SOURCE RECORDS:
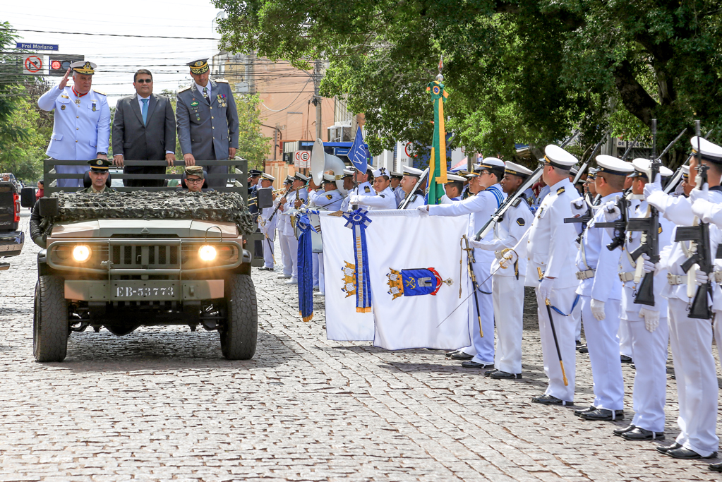 Prefeito Gabriel de Oliveira (ao centro), desfilou em carro aberto até o palanque oficial. Foto: Renê Marcio Carneiro/PMCTambém acompanharam o evento o comandante do 6º Distrito Naval, contra-almirante Alexandre Amendoeira Nunes, e o comandante da 18ª Brigada de Infantaria Pantanal, general de brigada José Fernandes Carneiro dos Santos Filho, além de secretários municipais, vereadores e representantes de instituições civis.
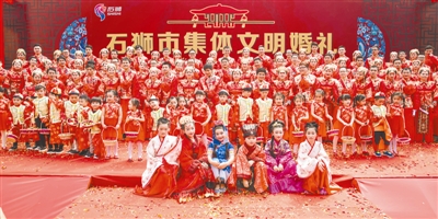 10月27日上午,一场充满闽南婚俗韵味的中式婚礼——“缘聚狮城·恩爱永恒”2016年第三届石狮市集体文明婚礼热闹举行,参加集体婚礼的46对新人来自陕西、吉林、安徽、重庆、江西和福建等地,他们都在石狮生活着、奋斗着,彼此相遇相恋,终成眷属。当天身穿凤冠霞帔、状元袍的新人们在石狮市领导的证婚下喜结连理,完成三拜堂、掀盖头等仪式……整场婚礼既别开生面,又简约浪漫,给他们留下了美好而难忘的记忆。
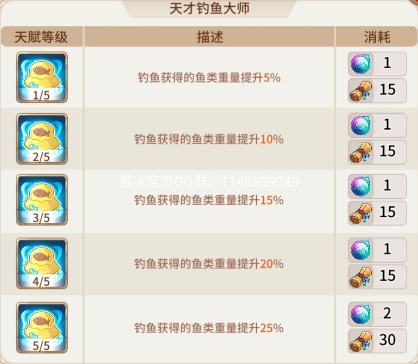 ④天才钓鱼大师:5级,钓起来的各种鱼类重量增加25%
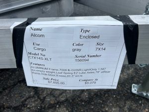 ALCOM BRAND 7X14 enclosed Aluminum Frame Trailer, new XLT Model , 7,000 lb. GVWR, 1,587lbs. empty! ID 156094
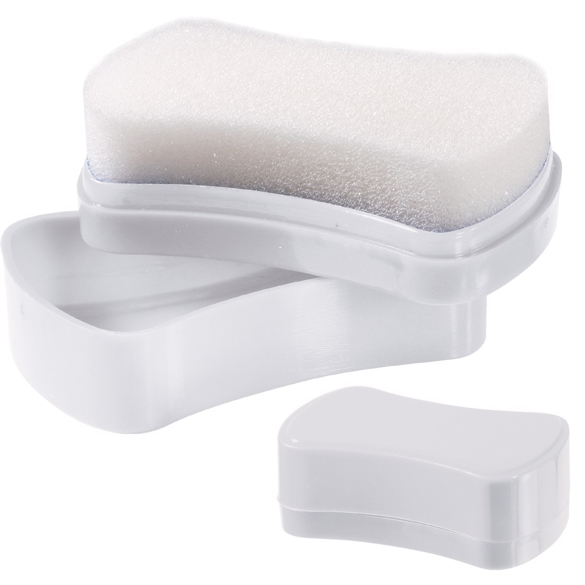 Éponge imbibée pour le nettoyage des chaussures de toutes couleurs. Livrée dans un étui en plastique.
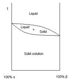 El diagrama de fases de la figura muestra una aleación de dos metales que forman una disolución sólida a todas las concentraciones relativas de las dos especies. En este caso, la fase pura de ambos es de idéntica estructura cristalina, y las propiedades similares de los dos elementos permite sustituciones parciales en toda la amplia gama de concentraciones relativas de los dos metales.
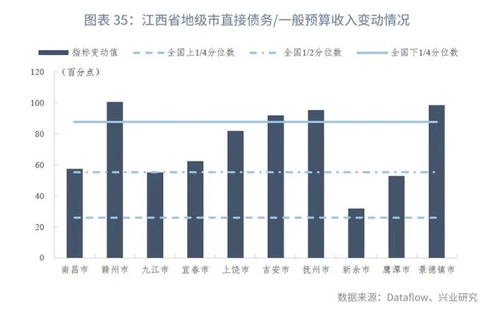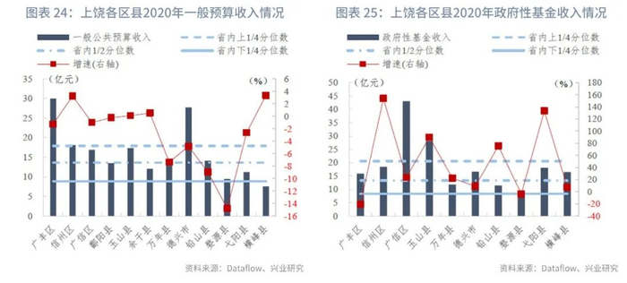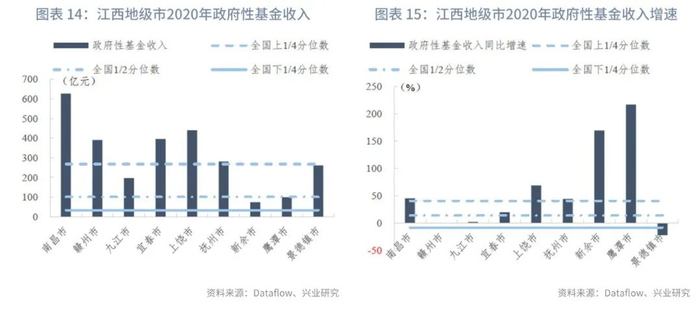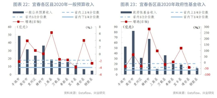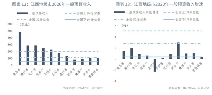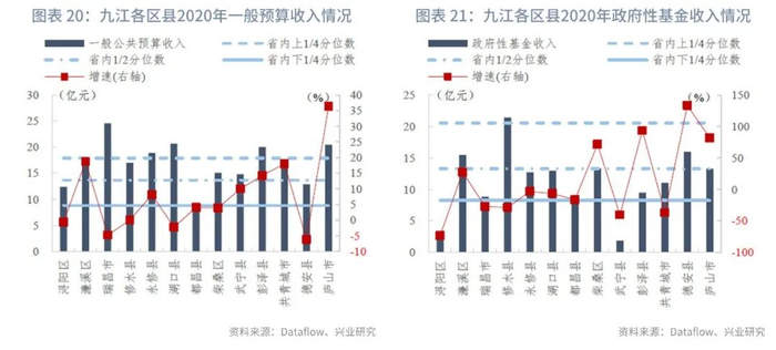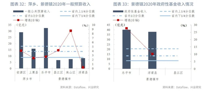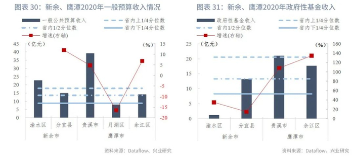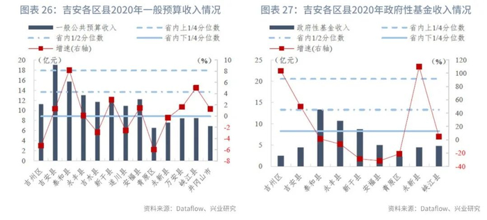 分区县来看:我们统计了江西省100个区县的一般预算收入及政府性基金收入。在已披露数据的区县中,一般预算收入的上1/4、1/2、下1/4分位数分别为18亿元、14亿元和9亿元,一般预算收入同比增速的上1/4、1/2、下1/4分位数分别为3.97%、1.46%和-2.20%。政府性基金收入的上1/4、1/2、下1/4分位数分别为21亿元、13亿元和8亿元,政府性基金收入同比增速的上1/4、1/2、下1/4分位数分别为85.49%、13.40%和-13.03%。
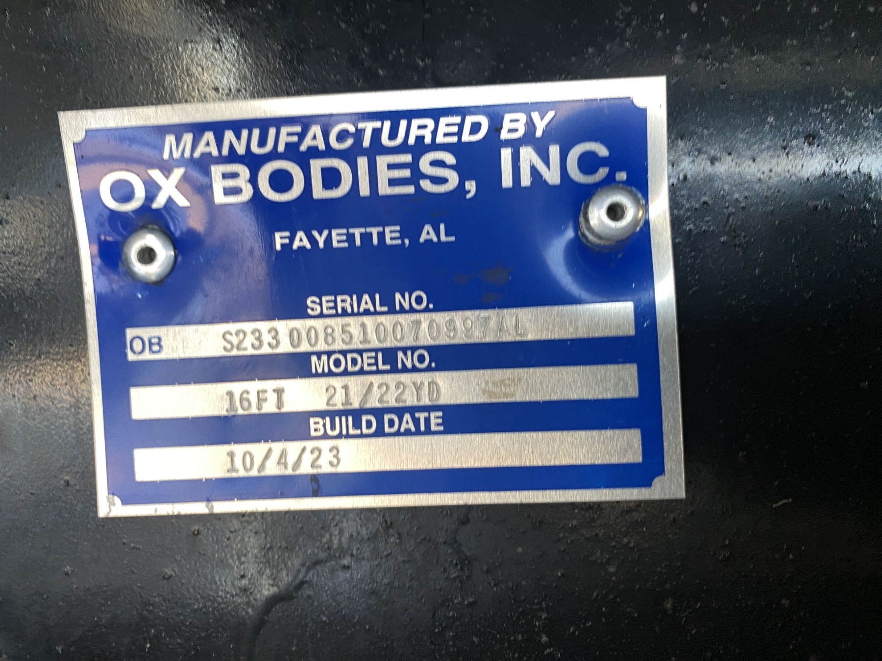 Tri Axle, 500 HP Cummins X15 engine, Allison 4500 RDS A/T, 46K rears, 20K front, 16' Hard Ox body (S/N: S233008510070997AL), 11R24.5 rear tires, 425/6R22.5 front tires
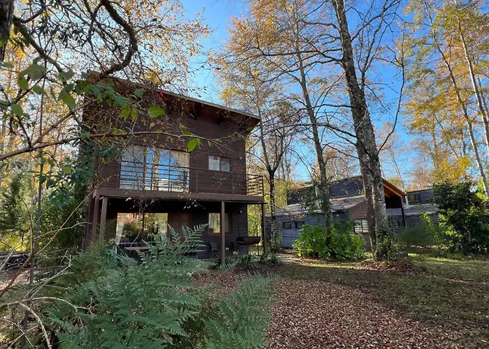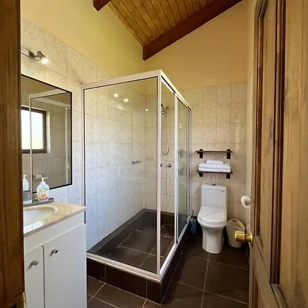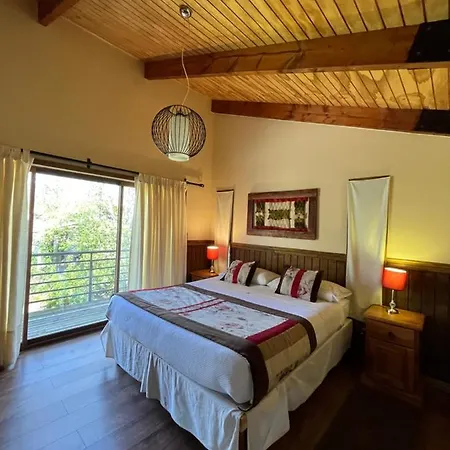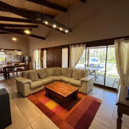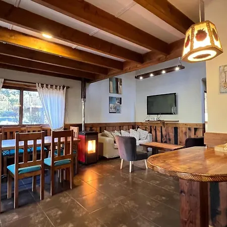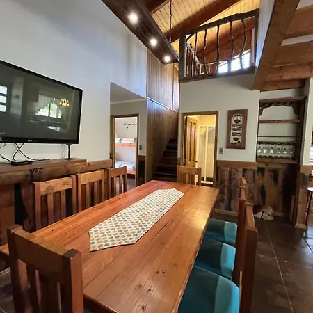 The 7-room Cabanas Alto Bosque Villa is located around 10 minutes' drive from Termas Rio Trancura and provides a Jacuzzi. The villa, situated approximately 25 minutes' walk from Monasterio Santa Clara de Pucon, invites guests to enjoy views of the mountain from a sunny patio with a dining table.
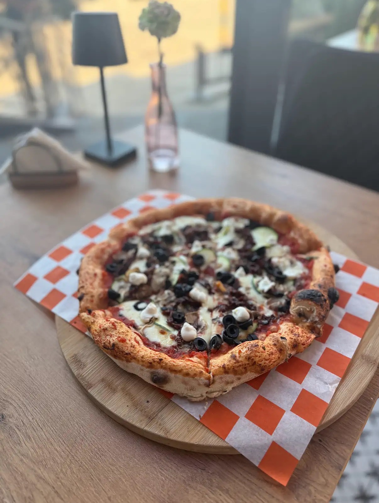 sos z włoskich pomidorów pelati, mozzarella, cukinia, suszone pomidory, oliwki, pieczarki, ricotta
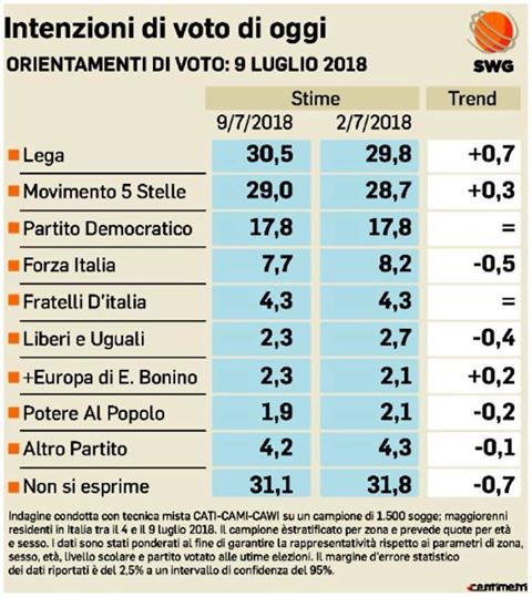 Una crescita, quella della Lega, inarrestabile. Ormai stabilmente sopra la soglia psicologica del 30 per cento.
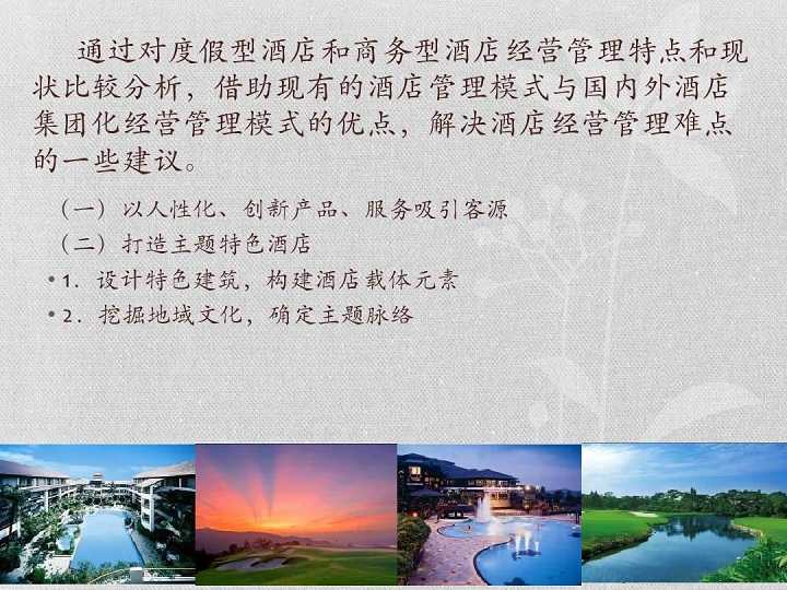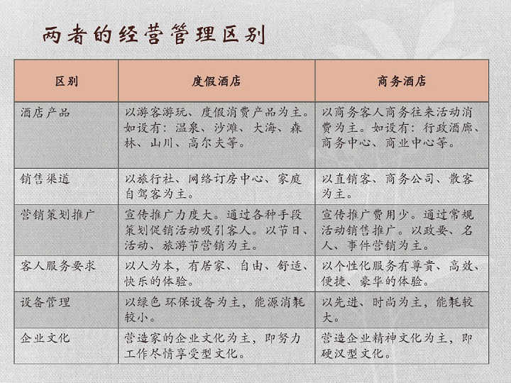 目前,在市場上的酒店可謂是琳瑯滿目、層出不窮,各種商務酒店、度假酒店、精品酒店、主題酒店分得出酒店類型的和分不出酒店類型的比比皆是。那么,對于商務酒店和度假酒店兩者之間您又了解多少呢?

TASK GOAL: Output exactly the lines above, beginning at the one with "Éponge imbibée pour" and stopping after the one with "El diagrama de". Pictures are to be omitted.

TASK OUTPUT:
 Éponge imbibée pour le nettoyage des chaussures de toutes couleurs. Livrée dans un étui en plastique.
 El diagrama de fases de la figura muestra una aleación de dos metales que forman una disolución sólida a todas las concentraciones relativas de las dos especies. En este caso, la fase pura de ambos es de idéntica estructura cristalina, y las propiedades similares de los dos elementos permite sustituciones parciales en toda la amplia gama de concentraciones relativas de los dos metales.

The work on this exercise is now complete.